==== EXERCISE INPUT

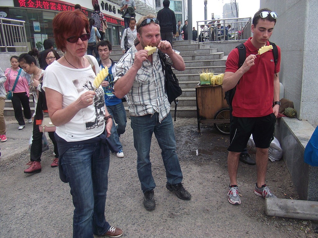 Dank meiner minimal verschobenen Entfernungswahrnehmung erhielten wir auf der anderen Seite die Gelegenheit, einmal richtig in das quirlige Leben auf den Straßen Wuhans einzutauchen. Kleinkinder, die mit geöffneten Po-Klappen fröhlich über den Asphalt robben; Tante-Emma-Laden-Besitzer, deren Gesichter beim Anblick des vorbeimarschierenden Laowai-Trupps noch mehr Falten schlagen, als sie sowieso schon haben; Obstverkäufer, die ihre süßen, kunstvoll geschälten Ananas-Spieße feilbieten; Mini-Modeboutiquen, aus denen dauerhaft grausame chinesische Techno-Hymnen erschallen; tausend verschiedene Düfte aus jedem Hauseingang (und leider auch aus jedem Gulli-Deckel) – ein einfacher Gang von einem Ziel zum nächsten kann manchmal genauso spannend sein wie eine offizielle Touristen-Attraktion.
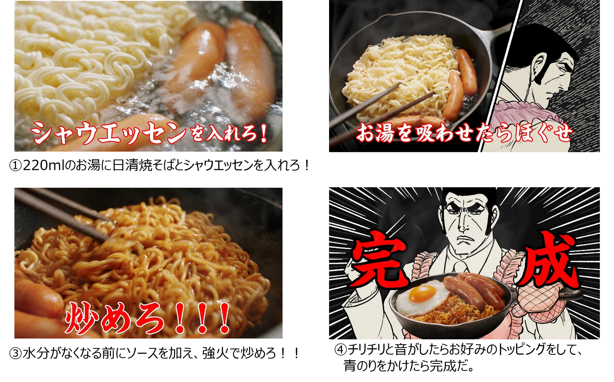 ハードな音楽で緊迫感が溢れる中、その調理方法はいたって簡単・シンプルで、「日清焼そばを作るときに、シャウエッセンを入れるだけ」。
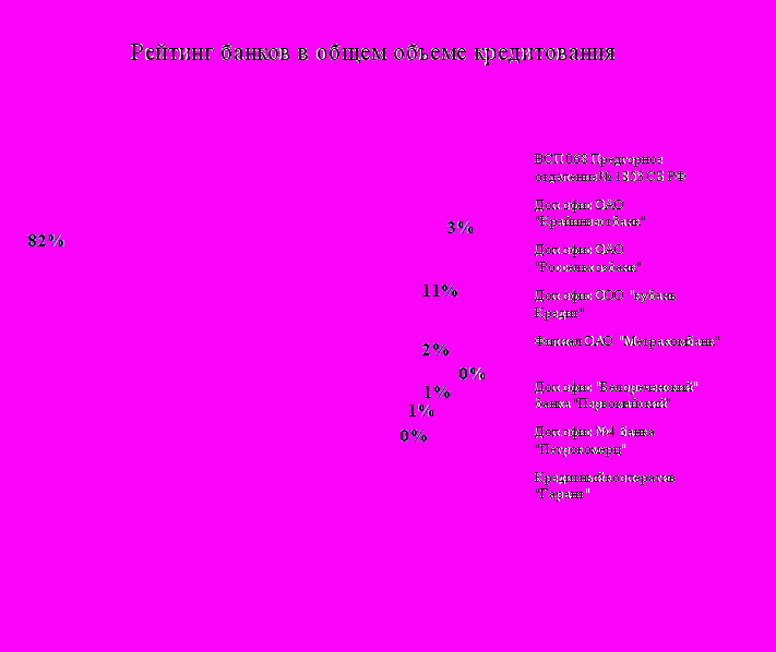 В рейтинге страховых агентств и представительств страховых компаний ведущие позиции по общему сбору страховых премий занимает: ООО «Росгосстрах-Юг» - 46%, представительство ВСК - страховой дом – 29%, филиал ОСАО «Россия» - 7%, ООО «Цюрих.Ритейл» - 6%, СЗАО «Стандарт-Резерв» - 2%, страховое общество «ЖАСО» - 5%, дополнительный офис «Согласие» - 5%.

========
==== EXERCISE INPUT

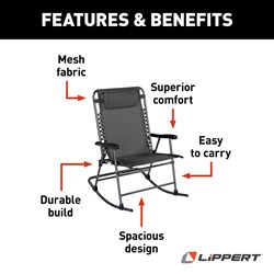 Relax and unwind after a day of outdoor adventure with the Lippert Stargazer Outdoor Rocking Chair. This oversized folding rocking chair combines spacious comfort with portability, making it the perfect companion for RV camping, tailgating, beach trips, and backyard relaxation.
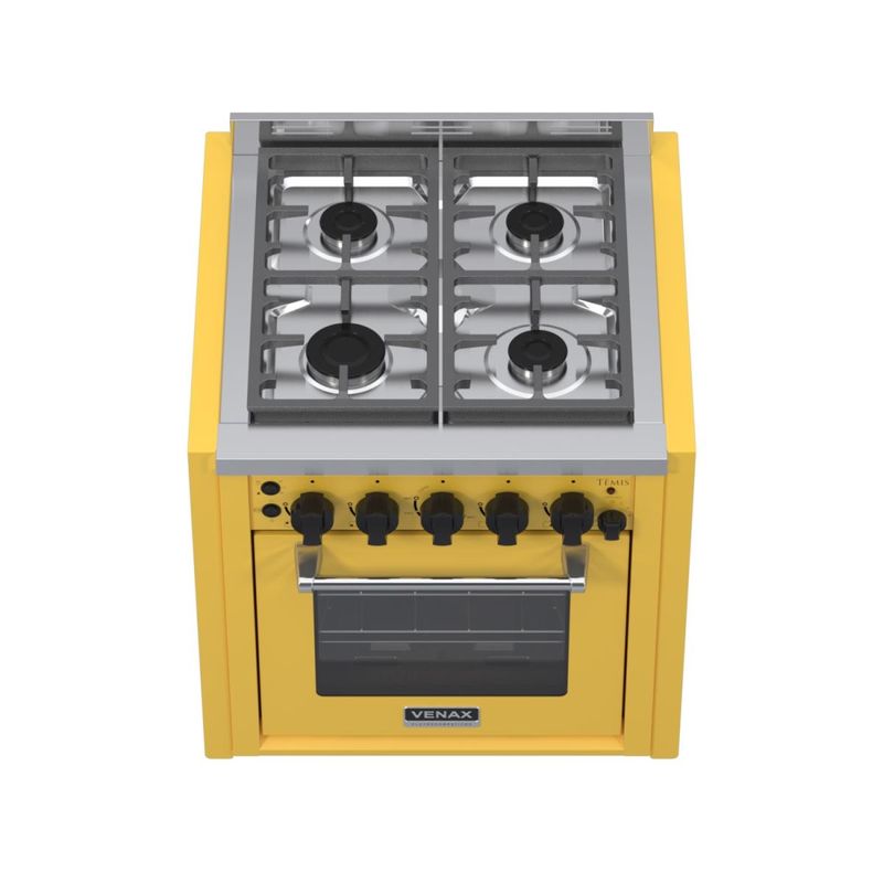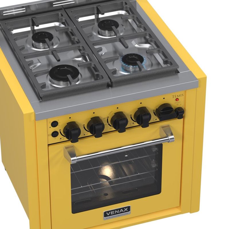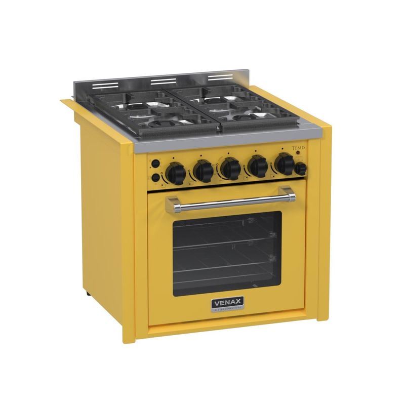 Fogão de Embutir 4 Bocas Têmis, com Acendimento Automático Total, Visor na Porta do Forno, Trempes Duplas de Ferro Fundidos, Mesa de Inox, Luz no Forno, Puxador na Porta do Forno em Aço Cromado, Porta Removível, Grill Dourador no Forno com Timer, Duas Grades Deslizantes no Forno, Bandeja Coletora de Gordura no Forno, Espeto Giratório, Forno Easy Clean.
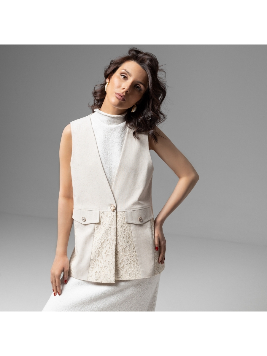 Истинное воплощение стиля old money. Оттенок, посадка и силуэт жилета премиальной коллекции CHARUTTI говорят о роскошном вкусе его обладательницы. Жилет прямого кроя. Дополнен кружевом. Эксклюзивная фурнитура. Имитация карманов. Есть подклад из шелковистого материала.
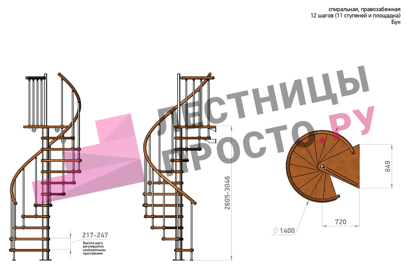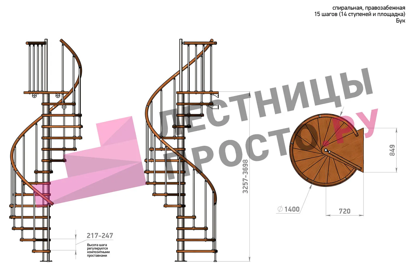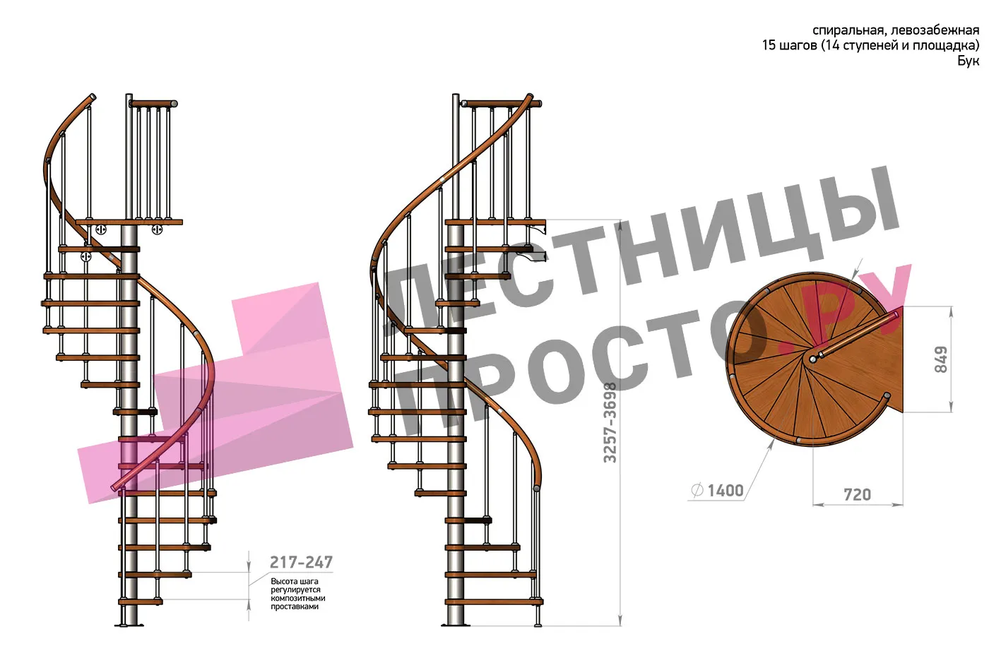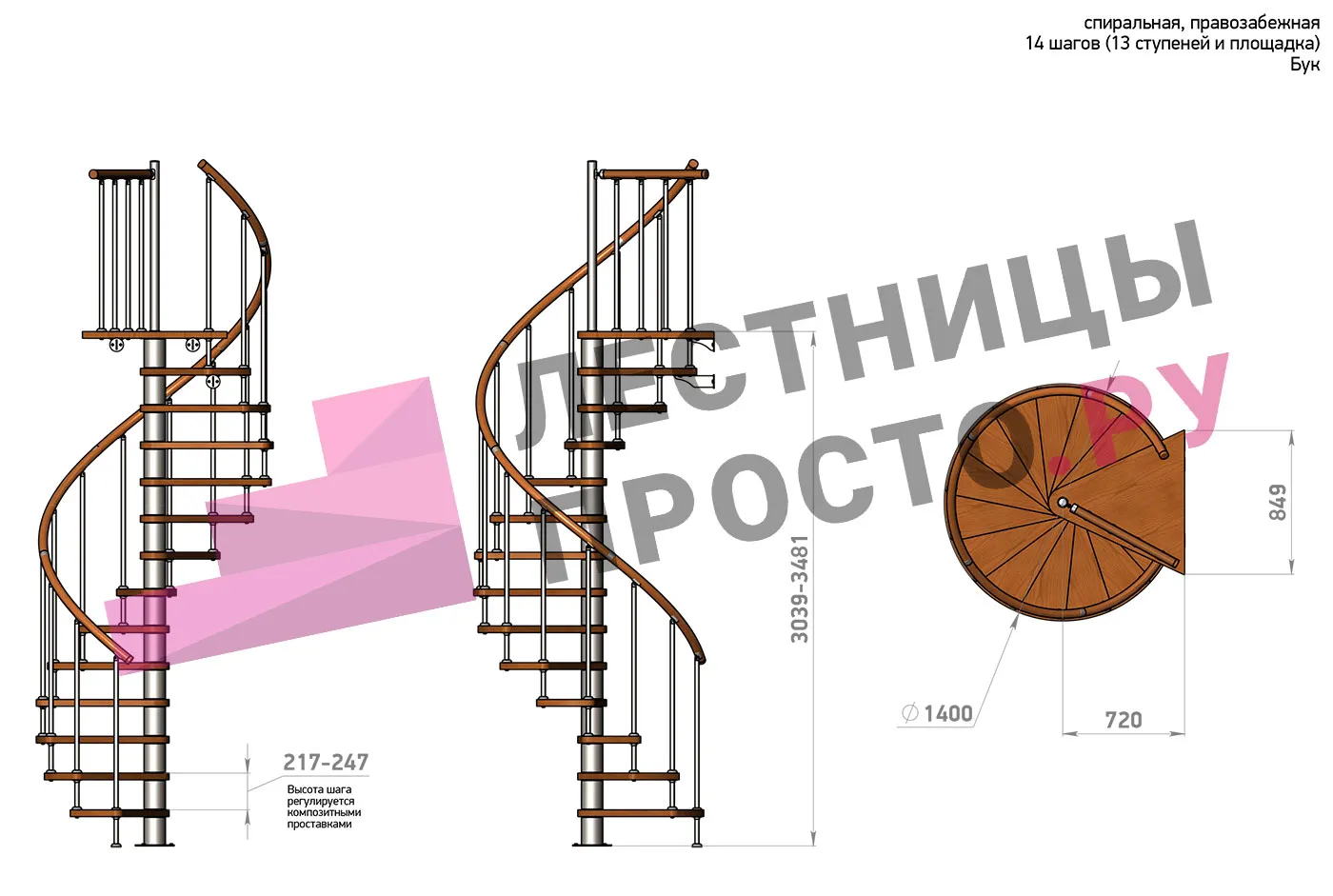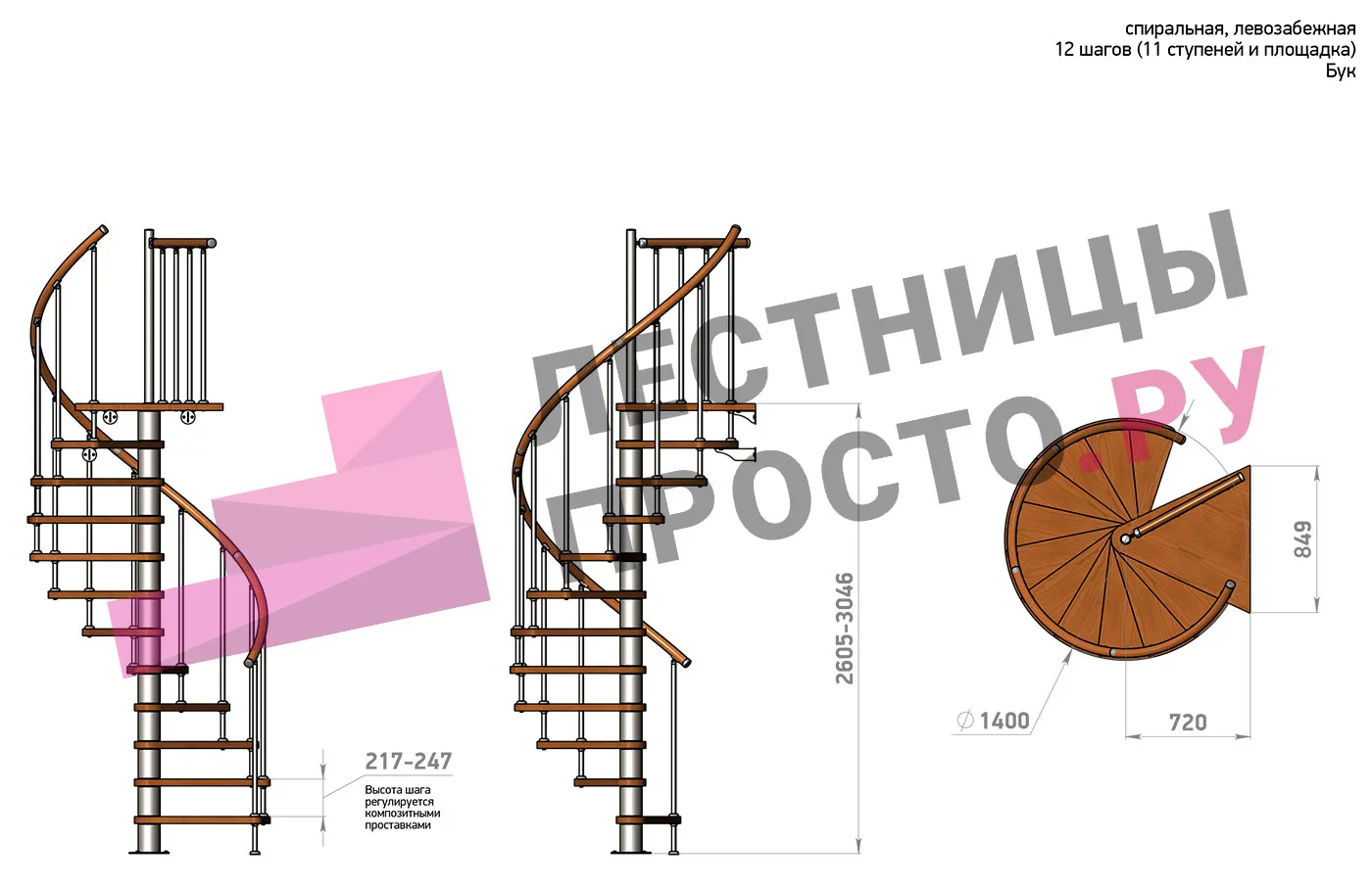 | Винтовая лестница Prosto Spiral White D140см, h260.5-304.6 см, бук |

========
==== EXERCISE INPUT

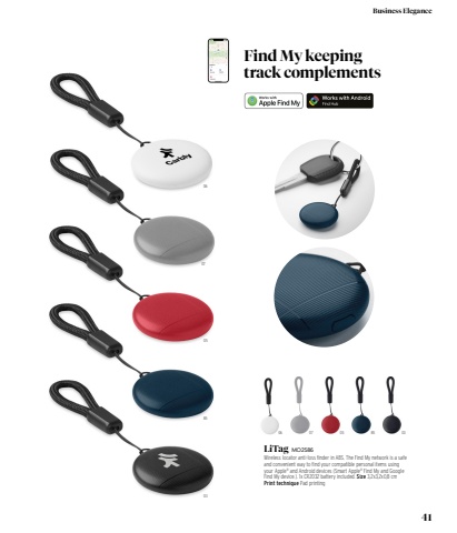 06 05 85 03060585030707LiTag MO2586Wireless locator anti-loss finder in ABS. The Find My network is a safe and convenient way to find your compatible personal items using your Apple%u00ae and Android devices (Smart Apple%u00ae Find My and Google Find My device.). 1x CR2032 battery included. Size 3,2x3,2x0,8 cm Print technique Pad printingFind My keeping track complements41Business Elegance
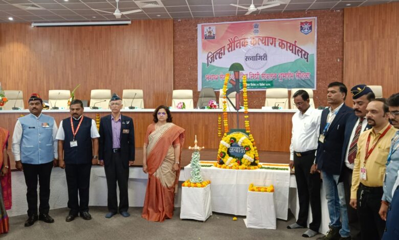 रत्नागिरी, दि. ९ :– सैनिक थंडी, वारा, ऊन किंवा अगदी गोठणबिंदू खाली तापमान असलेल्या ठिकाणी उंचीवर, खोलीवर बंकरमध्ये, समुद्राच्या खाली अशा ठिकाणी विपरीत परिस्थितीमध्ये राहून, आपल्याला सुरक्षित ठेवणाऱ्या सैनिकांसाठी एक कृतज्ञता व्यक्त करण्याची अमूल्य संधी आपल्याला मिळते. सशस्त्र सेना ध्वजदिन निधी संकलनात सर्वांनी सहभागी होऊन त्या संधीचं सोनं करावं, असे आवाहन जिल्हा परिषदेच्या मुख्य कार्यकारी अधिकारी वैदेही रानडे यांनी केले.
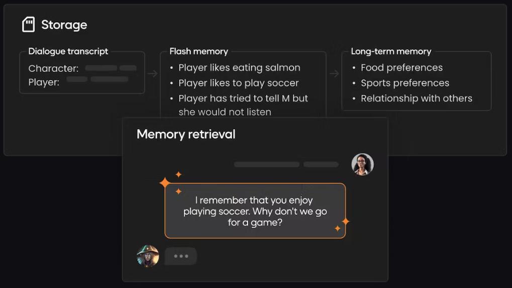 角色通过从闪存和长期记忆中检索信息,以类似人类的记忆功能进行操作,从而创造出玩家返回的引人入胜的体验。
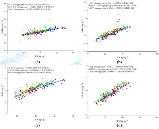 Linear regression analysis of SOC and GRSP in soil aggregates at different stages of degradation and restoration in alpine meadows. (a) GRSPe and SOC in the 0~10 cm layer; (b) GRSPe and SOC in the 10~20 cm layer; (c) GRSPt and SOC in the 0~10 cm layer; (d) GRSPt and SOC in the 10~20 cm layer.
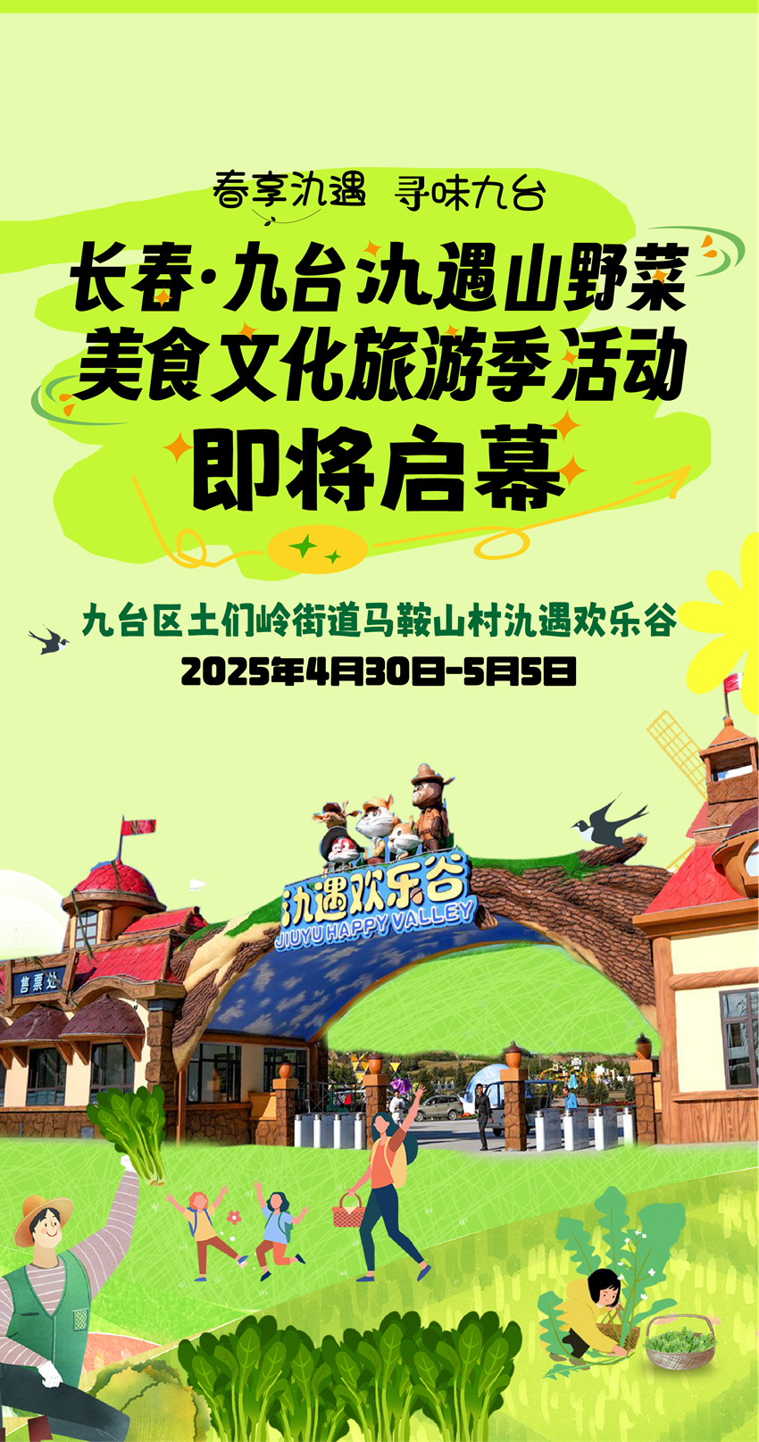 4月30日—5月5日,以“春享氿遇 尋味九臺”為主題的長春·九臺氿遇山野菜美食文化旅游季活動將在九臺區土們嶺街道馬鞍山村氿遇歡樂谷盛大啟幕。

========

Everything above from the line with "Relax and unwind" through the line with "Истинное воплощение стиля" should be retyped exactly, and nothing else; omit pictures.

TASK ANSWER →
 Relax and unwind after a day of outdoor adventure with the Lippert Stargazer Outdoor Rocking Chair. This oversized folding rocking chair combines spacious comfort with portability, making it the perfect companion for RV camping, tailgating, beach trips, and backyard relaxation.
 Fogão de Embutir 4 Bocas Têmis, com Acendimento Automático Total, Visor na Porta do Forno, Trempes Duplas de Ferro Fundidos, Mesa de Inox, Luz no Forno, Puxador na Porta do Forno em Aço Cromado, Porta Removível, Grill Dourador no Forno com Timer, Duas Grades Deslizantes no Forno, Bandeja Coletora de Gordura no Forno, Espeto Giratório, Forno Easy Clean.
 Истинное воплощение стиля old money. Оттенок, посадка и силуэт жилета премиальной коллекции CHARUTTI говорят о роскошном вкусе его обладательницы. Жилет прямого кроя. Дополнен кружевом. Эксклюзивная фурнитура. Имитация карманов. Есть подклад из шелковистого материала.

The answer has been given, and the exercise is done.